List<String> values = new List<String>();
for (PicklistValueInfo pvi : infos) {
values.add(pvi.Value);
}
return values;
}

Best Practices

  1. Always use enum for restricted picklists. If a field is restricted, the AI must pick from valid values. Freetext string types will lead to DML failures.

  2. Cache tool definitions. Picklist metadata rarely changes. Use Cache.Org or a static variable to avoid redundant describe calls on every message.

  3. Include descriptions on enum values.

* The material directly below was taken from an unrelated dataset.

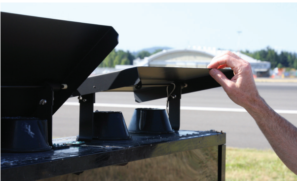
Rotates on bird's landing

If the picklist labels differ from API values, add a description to the property that lists both, so the AI understands the semantic meaning.

  4. Validate before DML. Even with correct enums, add a validation step before insert to catch edge cases like dependent picklists:

String priority = (String) input.get('priority');
Set<String> validPriorities = new Set<String>(getPicklistValues('Case', 'Priority'));
if (!validPriorities.contains(priority)) {
return new Map<String, Object>{
'error' => 'Invalid priority value. Valid options: ' + String.join(new List<String>(validPriorities), ', ')
};
}
  1. Refresh enums on deployment. If picklist values change between environments (sandbox vs. production), the dynamic approach handles this automatically since it reads from the running org's metadata.

This pattern applies to any AI integration that creates Salesforce records — not just chatbots, but also batch processors, middleware connectors, and agent frameworks.